It is crucial that beginners in basic ANOVA understand the concepts behind ANOVA. Like all statistics calculations, ANOVA is based on the testing of hypothesis. ANOVA seeks to find if the variance introduced into an experiment is the same or less than the normal variations that would result from human error in measurements. A basic concept of ANOVA is that an appropriate ANOVA model must formulate tests to compare the sources of variance in an experimental setting.
Basic ANOVA calculations are all based on the F-ratio. The F-ratio has a null hypothesis of one and is calculated from dividing the variance from an experimental treatment by the variation from an experimental error. If the F-ratio calculation reveals that this ratio is significantly different from one, then the hypothesis is usually thrown out.
Graphical representation of ANOVA is important for allowing students to fully understand how the analysis works. Peaks represent the test and hypothetical data, and examining these peaks shows how the size of variation between samples can be compared with the size of variation within samples, a crucial principle of ANOVA.

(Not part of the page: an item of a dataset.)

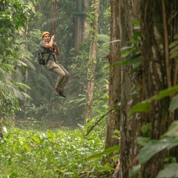 Entre los árboles aparecen pazos y guabas, alimento para cerca de 300 especies de aves, entre ellas tangaras, loros y el tucán pechiblanco.

Most ANOVA calculations are too complicated to be carried out on regular calculators. Because of this, ANOVA problems are typically worked out through statistics programs like Minitab; training in and knowledge of Minitab or any like program is very important to successfully performing ANOVA tests. While Microsoft Excel can also be used for ANOVA, it may be more difficult to use than Minitab because it is not specifically designed for ANOVA calculations.
There are many variations of ANOVA. Generally speaking, most basic ANOVA problems follow one-way ANOVA between groups or one way repeated measures. More complicated ANOVA calculations might focus on two-way problems or even ANOVA parametric or non-parametric tests.